The short answer is: book at eurostar.com as soon as the trains from London St Pancras to Brussels, Calais, Lille or Paris go on sale for your chosen dates, and travel off-peak.
Like airlines, Eurostar uses dynamic pricing: the prevailing fare level depends on demand. For every departure, the train operator decides how many seats it wants to sell at each price level, and when the cheaper tickets sell out, the price rises. Unlike airlines, Eurostar rarely nudges down prices to stimulate demand – while easyJet or Ryanair might reduce the fare for a slow-selling flight a month or two before departure, I have never seen Eurostar do that for trains.
Eurostar's lowest year-round return fare is £58. It is most likely to be available for departures from noon on Monday until the last service on Thursday, and for Saturday services from noon onwards.
How early can I buy?
Eurostar's usual “booking horizon” is 180 days. If you plan almost six months in advance you can be pretty sure of getting a standard-class return for £58.

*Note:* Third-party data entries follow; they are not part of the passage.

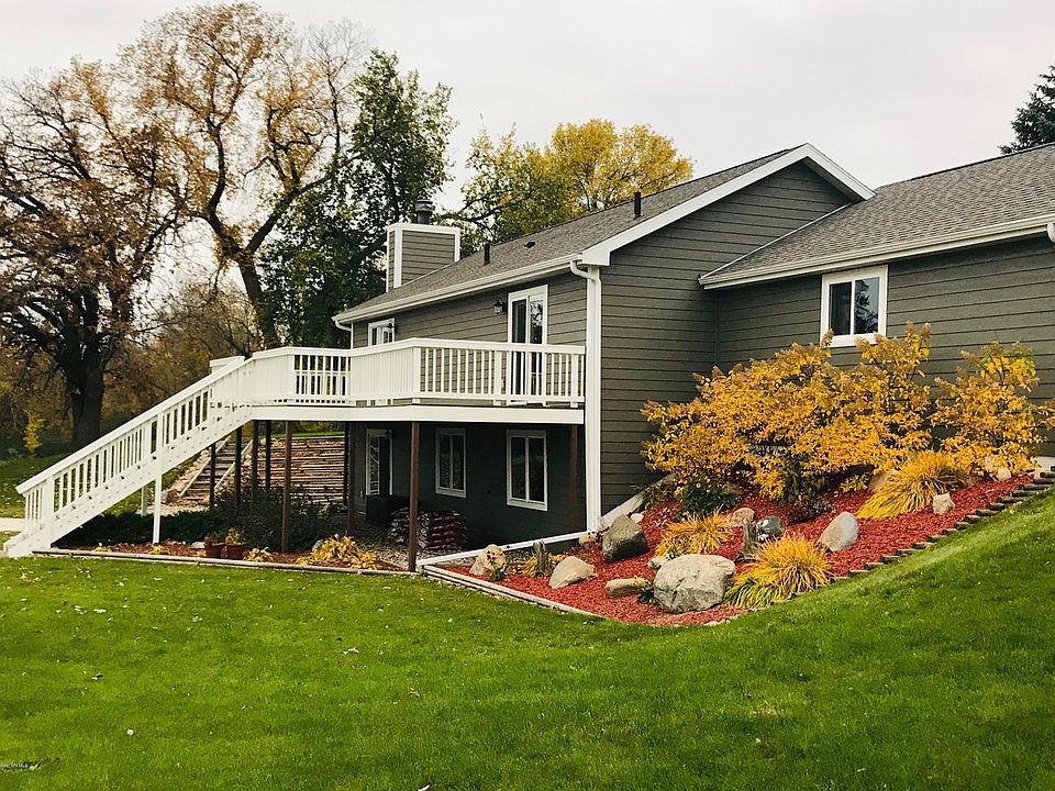 TURN KEY Many new improvements to this well maintained 3 Bedroom, 3 Bathroom rural property with 8.39 acres overlooking Holstad Lake. 2288 sq ft main level living with open floor plan. Home features great functional traffic flow, fireplace, vaulted ceiling, new patio, high end exterior door, and upgrades throughout. Lower level walkout has large family room and bar, and 2 bedrooms and a walkup to garage. Detached finished and heated 24x40' garage. 48x72 pole barn. Horses welcome.
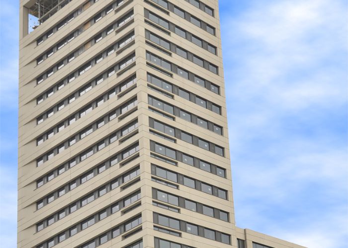 Accommodation block consisting of 13 story block adjoined with a 25 storey tower. Sometimes it is good to get back to basics, and this project provided the ideal opportunity comprising ribbon window glazing with feature cills, and capped curtain walling. Peak labour force on this project was 20 operatives.
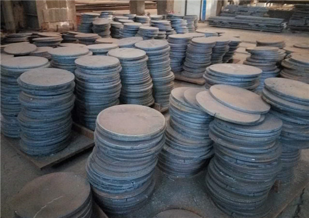 此物料為法蘭料芯,材質(zhì)為萊鋼正品板Q235B材質(zhì)(含質(zhì)保書),厚度17.2mm,正差板,邊緣處有30mm的貫穿切口,可沖壓最大直徑370mm的盲板,報價承兌含稅價3350元/噸(不含運費)。車間可提供φ330mm的盲板沖壓。
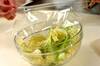 春キャベツを耐熱ボウルに入れ、ラップをかけ、電子レンジで約1~2分キャベツがしんなりするまで加熱する。
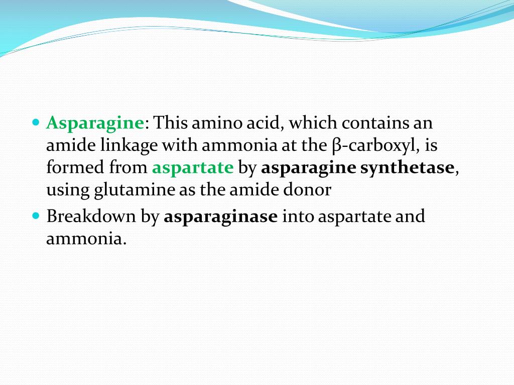 Asparagine: This amino acid, which contains an amide linkage with ammonia at the β-carboxyl, is formed from aspartateby asparaginesynthetase, using glutamine as the amide donor • Breakdown by asparaginase into aspartate and ammonia.
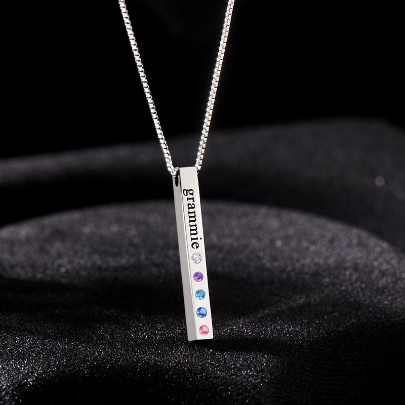 Custom Engraved Birthstone Necklace Bar Simple Gifts
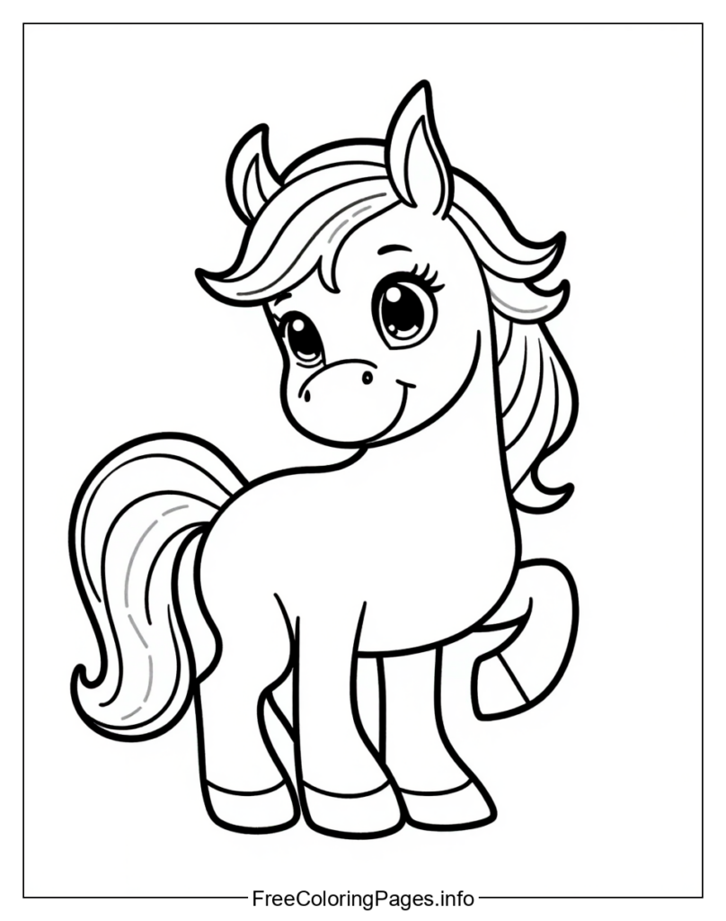• The image shows a cartoon horse in black and white, which would be ideal for multiple coloring techniques. Here are five ways to color the pony:

But I can't plan that far ahead
Be flexible about when you travel. The very earliest and latest trains are worth checking – with the limited number of onward connections, they tend to be less in demand. Middle-of-the-day services are also cheaper.
I have to leave tomorrow
In that case, you'll probably pay what feels like a fortune. However, you could travel in more comfort in standard premier (effectively first class, with drinks and snacks or meals) for only a few pounds more. See seat61.com for more tips. And there are still many flights between London and Paris every day, with easyJet from Gatwick and Luton often cheapest.